• **What is expected**
Copy exactly the lines from the start of the material through the line with "Brown rain coat". Pictures stay out of the copy.
##############################
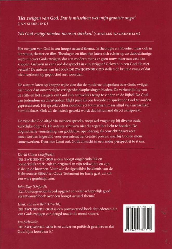 Tweede druk. Twee theologen geven een nieuwe visie op de communicatie tussen goden en mensen. Het zwijgen van God is een hoogst actueel thema, in theologie en filosofie, maar ook in literatuur, theater en film. Theologen en filosofen laten zich echter op zo dubbelzinnige wijze uit over Gods zwijgen, dat een modern mens er geen touw meer aan vast kan knopen. Geloven in een God die spreekt in zijn zwijgen? Geloven in een God die niet bestaat?
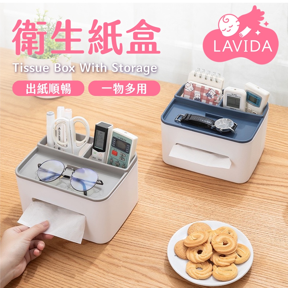 【LAVIDA嚴選】衛生紙盒 面紙盒 桌上收納盒 紙巾盒 多功能面紙盒 面紙盒收納 衛生紙盒收納 整理盒 桌上衛生紙盒灰色|藍色Tissue HoldersLAVIDA 育兒好好玩!
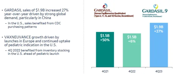 与二价相比,九价预防的HPV类型更多,因此更受市场欢迎。目前,全球仅有默沙东的九价HPV疫苗佳达修9获批上市。默沙东财报显示,2023年第4季度,佳达修(Gardasil)/佳达修9的销售额增长27%至19亿美元,2023年全球销售额增长29%至89亿美元,剔除汇率影响,销售额增长33%。
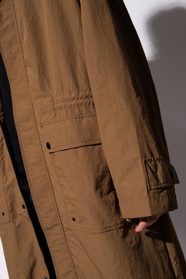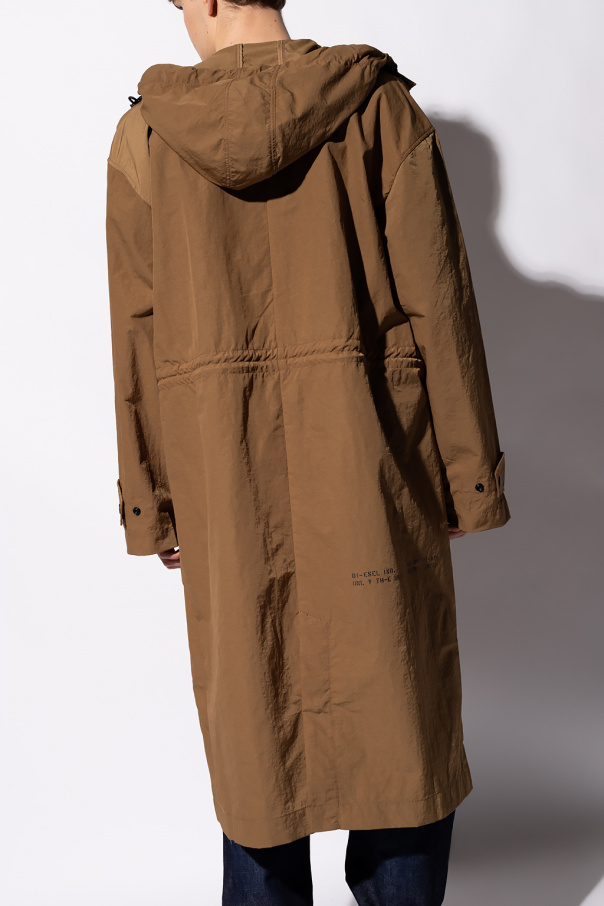 Brown rain coat from Diesel. Fastened with snaps, this design features a drawstring hood, two slip pockets, two snap-fastened flap pockets, long sleeves, a black logo printed at the back and a single rear vent.
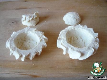 Смачиваем нож. Зефир разрезаем пополам, ножом намечаем контур круга, чайной ложкой вырезаем серединку у зефира. "Ленивые" тарталетки готовы!
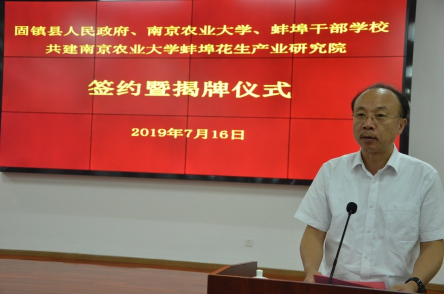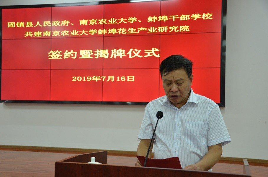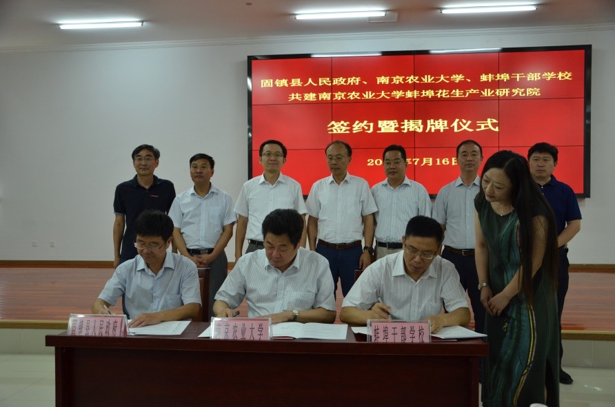 蚌埠花生产业研究院签约暨揭牌仪式在蚌埠干部学校举行。我校党委常委、副校长丁艳锋、社会合作处处长陈巍、人文学院党委副书记冯绪猛以及部分专家,蚌埠市市委常委副市长郭鹏、固镇县委书记吴永斌、副县长张允武以及蚌埠市发改委、科技局、人社局、自然资源及规划局、农业农村局负责人,江苏省农科院休闲农业所所长周建涛、经济休闲所副所长沈新莲,蚌埠干部学校党委书记张军、校长李安东、副校长万敦友等出席此次签约揭牌仪式。
##############################
• **Exercise solution**
 Tweede druk. Twee theologen geven een nieuwe visie op de communicatie tussen goden en mensen. Het zwijgen van God is een hoogst actueel thema, in theologie en filosofie, maar ook in literatuur, theater en film. Theologen en filosofen laten zich echter op zo dubbelzinnige wijze uit over Gods zwijgen, dat een modern mens er geen touw meer aan vast kan knopen. Geloven in een God die spreekt in zijn zwijgen? Geloven in een God die niet bestaat?
 【LAVIDA嚴選】衛生紙盒 面紙盒 桌上收納盒 紙巾盒 多功能面紙盒 面紙盒收納 衛生紙盒收納 整理盒 桌上衛生紙盒灰色|藍色Tissue HoldersLAVIDA 育兒好好玩!
 与二价相比,九价预防的HPV类型更多,因此更受市场欢迎。目前,全球仅有默沙东的九价HPV疫苗佳达修9获批上市。默沙东财报显示,2023年第4季度,佳达修(Gardasil)/佳达修9的销售额增长27%至19亿美元,2023年全球销售额增长29%至89亿美元,剔除汇率影响,销售额增长33%。
 Brown rain coat from Diesel. Fastened with snaps, this design features a drawstring hood, two slip pockets, two snap-fastened flap pockets, long sleeves, a black logo printed at the back and a single rear vent.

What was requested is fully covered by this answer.